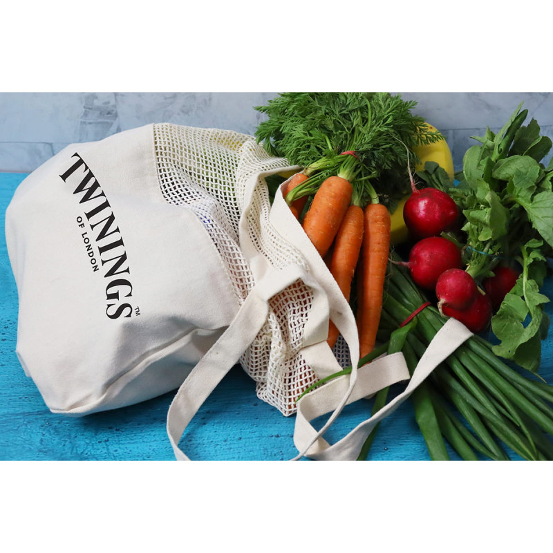 Compact reusable tote bag which is manufactured from 100gsm unbleached cotton mesh. It has a small cotton slip pocket which can be used for storing credit cards, keys etc. and the bag can also be folded to fit in it when not in use.
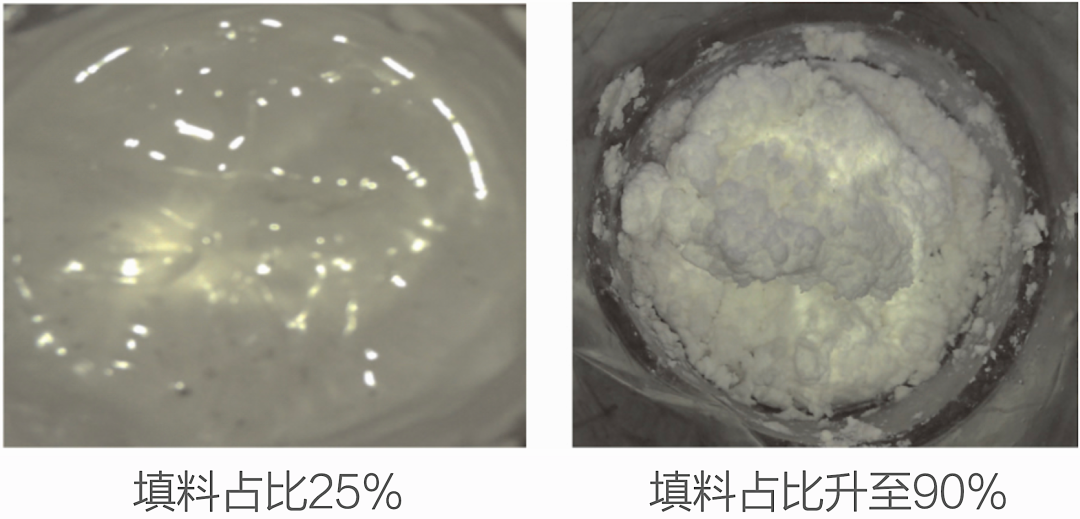 然而事情不会那么简单,当导热填料增加,凝胶自身的黏稠度也会急剧升高。最直接的后果就是挤出率大幅降低!
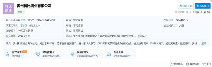 据天眼查显示,的确存在“贵州科比酒业有限公司”,该公司成立于2023年8月14日,注册资本1000万人民币,公司地址位于贵州贵阳。
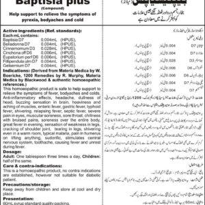 Help support to relieve the symptoms of pyrexia, body aches and cold Active ingredients (Ref. standard): Baptisia D5 0.24mL (HPUS), Belladonna D7 0.24mL (HPUS), Cinnamomum D1 1.68mL (HPUS), Cinchona off D1 0.36mL (HPUS), Eupatorium perf D1 0.36mL (HPUS), Fillipendula ulm D3 0.24mL (HPUS), Gelsemium D4 0.24mL (HPUS).
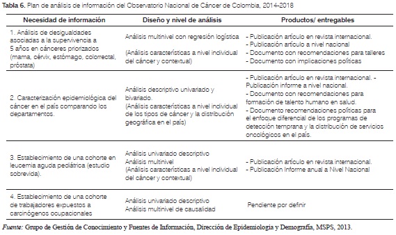 A través del diseño de estudios estadísticos y epidemiológicos bajo criterios de investigación claramente establecidos, el ONC Colombia propone aumentar la evidencia disponible y disminuir las brechas de información. Estos estudios no sólo deben usar y explotar la información disponible y derivada del Sistema de Gestión de Datos SGD SISPRO, si no también generar nuevo conocimiento en las áreas de análisis prioritarias descritas anteriormente. La tabla 6 ilustra las áreas de análisis definidas como temas monitoreados por el Observatorio Nacional de Cáncer.

Requirement: The images in the entries above should be left out; please reproduce exactly the lines from the first through the one containing "Help support to".

Exercise solution:
 Compact reusable tote bag which is manufactured from 100gsm unbleached cotton mesh. It has a small cotton slip pocket which can be used for storing credit cards, keys etc. and the bag can also be folded to fit in it when not in use.
 然而事情不会那么简单,当导热填料增加,凝胶自身的黏稠度也会急剧升高。最直接的后果就是挤出率大幅降低!
 据天眼查显示,的确存在“贵州科比酒业有限公司”,该公司成立于2023年8月14日,注册资本1000万人民币,公司地址位于贵州贵阳。
 Help support to relieve the symptoms of pyrexia, body aches and cold Active ingredients (Ref. standard): Baptisia D5 0.24mL (HPUS), Belladonna D7 0.24mL (HPUS), Cinnamomum D1 1.68mL (HPUS), Cinchona off D1 0.36mL (HPUS), Eupatorium perf D1 0.36mL (HPUS), Fillipendula ulm D3 0.24mL (HPUS), Gelsemium D4 0.24mL (HPUS).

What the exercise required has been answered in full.